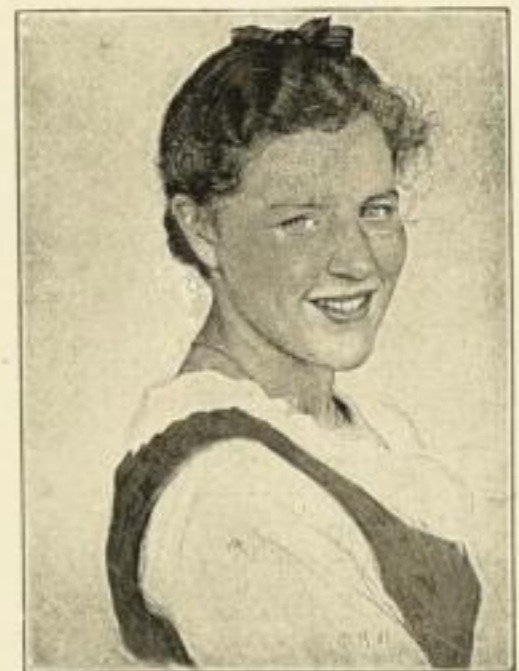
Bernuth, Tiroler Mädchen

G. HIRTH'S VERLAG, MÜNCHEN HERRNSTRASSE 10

■ ■ ■ ■ ■ ■ ■

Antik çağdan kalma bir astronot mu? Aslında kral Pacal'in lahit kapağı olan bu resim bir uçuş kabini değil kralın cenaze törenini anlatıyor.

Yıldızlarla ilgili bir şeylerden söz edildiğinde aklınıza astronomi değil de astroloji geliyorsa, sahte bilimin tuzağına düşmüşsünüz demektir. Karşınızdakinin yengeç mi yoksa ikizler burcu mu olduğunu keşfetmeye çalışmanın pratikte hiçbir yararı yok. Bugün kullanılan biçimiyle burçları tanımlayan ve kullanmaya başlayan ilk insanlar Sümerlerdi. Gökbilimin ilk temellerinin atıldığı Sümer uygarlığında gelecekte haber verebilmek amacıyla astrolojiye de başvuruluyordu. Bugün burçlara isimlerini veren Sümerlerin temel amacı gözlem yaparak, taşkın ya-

■ ■ ■ ■ ■ ■ ■

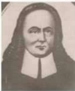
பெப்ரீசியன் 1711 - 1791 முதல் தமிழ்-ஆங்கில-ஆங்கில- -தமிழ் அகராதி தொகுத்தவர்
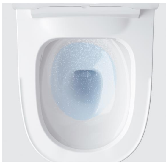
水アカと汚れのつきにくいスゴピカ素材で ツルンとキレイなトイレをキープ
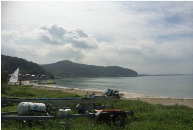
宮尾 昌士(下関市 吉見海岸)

■ ■ ■ ■ ■ ■ ■

Your copy should hold only the lines above from the one containing "水アカと汚れのつきにくいスゴピカ素材で ツルンとキレイなトイレをキープ" through the one containing "宮尾 昌士(下関市 吉見海岸)", exactly as written and free of pictures.

水アカと汚れのつきにくいスゴピカ素材で ツルンとキレイなトイレをキープ
宮尾 昌士(下関市 吉見海岸)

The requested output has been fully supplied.